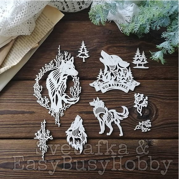 Размер плашки 15 на 19 см. Волк в пещере - 13см. Соцветие -2,5см. В наборе 9 элементов. Выполнен из картона кремового цвета толщиной 1,5мм.
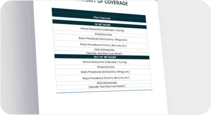 Plan Features IN NETWORK Annual Deductible (Individual / Family) Preventive Care Basic Procedures (Extractions, fillings, etc.) Major Procedures (Crowns, dentures, etc.) Child Orthodontia Calendar Year Maximum Benefit OUT OF NETWORK Annual Deductible (Individual / Family) Preventive Care Basic Procedures (Extractions, fillings, etc.) Major Procedures (Crowns, dentures, etc.) Child Orthodontia Calendar Year Maximum Benefit SUMMARY OF COVERAGE DENTAL PLANS
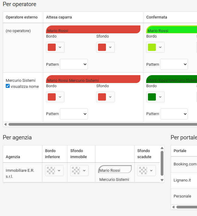 Le prenotazioni scadute possono essere assegnate un colore diverso configurando l'opzione "sfondo scadute" nella sezione Per Agenzia.
• • • • • • •
TASK DIRECTIONS: Output everything in the material exactly. Pictures stay out of it.

RESPONSE:
 Размер плашки 15 на 19 см. Волк в пещере - 13см. Соцветие -2,5см. В наборе 9 элементов. Выполнен из картона кремового цвета толщиной 1,5мм.
 Plan Features IN NETWORK Annual Deductible (Individual / Family) Preventive Care Basic Procedures (Extractions, fillings, etc.) Major Procedures (Crowns, dentures, etc.) Child Orthodontia Calendar Year Maximum Benefit OUT OF NETWORK Annual Deductible (Individual / Family) Preventive Care Basic Procedures (Extractions, fillings, etc.) Major Procedures (Crowns, dentures, etc.) Child Orthodontia Calendar Year Maximum Benefit SUMMARY OF COVERAGE DENTAL PLANS
 Le prenotazioni scadute possono essere assegnate un colore diverso configurando l'opzione "sfondo scadute" nella sezione Per Agenzia.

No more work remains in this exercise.